Entries taken from a collection:

*** Begin section ***

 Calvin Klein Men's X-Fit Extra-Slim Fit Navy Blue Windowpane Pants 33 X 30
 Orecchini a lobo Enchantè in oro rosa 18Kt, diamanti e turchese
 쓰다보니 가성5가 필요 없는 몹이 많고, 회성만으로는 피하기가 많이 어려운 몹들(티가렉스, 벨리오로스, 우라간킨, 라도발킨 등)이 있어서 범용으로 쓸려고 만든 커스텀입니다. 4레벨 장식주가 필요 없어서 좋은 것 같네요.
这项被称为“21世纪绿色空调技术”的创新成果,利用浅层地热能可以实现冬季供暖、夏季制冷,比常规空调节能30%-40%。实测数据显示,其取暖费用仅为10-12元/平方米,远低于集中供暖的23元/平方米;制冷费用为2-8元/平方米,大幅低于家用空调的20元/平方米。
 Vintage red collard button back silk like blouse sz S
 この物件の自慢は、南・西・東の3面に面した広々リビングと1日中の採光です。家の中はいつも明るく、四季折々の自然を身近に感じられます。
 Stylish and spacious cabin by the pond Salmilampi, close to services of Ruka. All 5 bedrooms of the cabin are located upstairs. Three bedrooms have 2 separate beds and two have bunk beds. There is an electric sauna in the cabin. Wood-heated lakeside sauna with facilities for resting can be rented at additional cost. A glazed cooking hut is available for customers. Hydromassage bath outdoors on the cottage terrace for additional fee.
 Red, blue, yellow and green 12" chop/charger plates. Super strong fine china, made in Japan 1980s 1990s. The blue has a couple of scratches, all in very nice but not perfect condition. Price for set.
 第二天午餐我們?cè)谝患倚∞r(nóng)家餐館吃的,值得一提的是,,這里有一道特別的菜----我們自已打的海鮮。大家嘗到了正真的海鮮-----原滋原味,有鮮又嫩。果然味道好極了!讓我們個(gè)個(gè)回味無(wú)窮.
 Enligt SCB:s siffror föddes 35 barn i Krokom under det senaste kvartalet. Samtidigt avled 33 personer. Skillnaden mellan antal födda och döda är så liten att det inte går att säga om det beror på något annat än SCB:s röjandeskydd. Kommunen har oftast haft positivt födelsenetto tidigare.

*** End section ***

- What you should do:
Every entry is to be returned exactly, with nothing dropped.

- Written response:
 Calvin Klein Men's X-Fit Extra-Slim Fit Navy Blue Windowpane Pants 33 X 30
 Orecchini a lobo Enchantè in oro rosa 18Kt, diamanti e turchese
 쓰다보니 가성5가 필요 없는 몹이 많고, 회성만으로는 피하기가 많이 어려운 몹들(티가렉스, 벨리오로스, 우라간킨, 라도발킨 등)이 있어서 범용으로 쓸려고 만든 커스텀입니다. 4레벨 장식주가 필요 없어서 좋은 것 같네요.
这项被称为“21世纪绿色空调技术”的创新成果,利用浅层地热能可以实现冬季供暖、夏季制冷,比常规空调节能30%-40%。实测数据显示,其取暖费用仅为10-12元/平方米,远低于集中供暖的23元/平方米;制冷费用为2-8元/平方米,大幅低于家用空调的20元/平方米。
 Vintage red collard button back silk like blouse sz S
 この物件の自慢は、南・西・東の3面に面した広々リビングと1日中の採光です。家の中はいつも明るく、四季折々の自然を身近に感じられます。
 Stylish and spacious cabin by the pond Salmilampi, close to services of Ruka. All 5 bedrooms of the cabin are located upstairs. Three bedrooms have 2 separate beds and two have bunk beds. There is an electric sauna in the cabin. Wood-heated lakeside sauna with facilities for resting can be rented at additional cost. A glazed cooking hut is available for customers. Hydromassage bath outdoors on the cottage terrace for additional fee.
 Red, blue, yellow and green 12" chop/charger plates. Super strong fine china, made in Japan 1980s 1990s. The blue has a couple of scratches, all in very nice but not perfect condition. Price for set.
 第二天午餐我們?cè)谝患倚∞r(nóng)家餐館吃的,值得一提的是,,這里有一道特別的菜----我們自已打的海鮮。大家嘗到了正真的海鮮-----原滋原味,有鮮又嫩。果然味道好極了!讓我們個(gè)個(gè)回味無(wú)窮.
 Enligt SCB:s siffror föddes 35 barn i Krokom under det senaste kvartalet. Samtidigt avled 33 personer. Skillnaden mellan antal födda och döda är så liten att det inte går att säga om det beror på något annat än SCB:s röjandeskydd. Kommunen har oftast haft positivt födelsenetto tidigare.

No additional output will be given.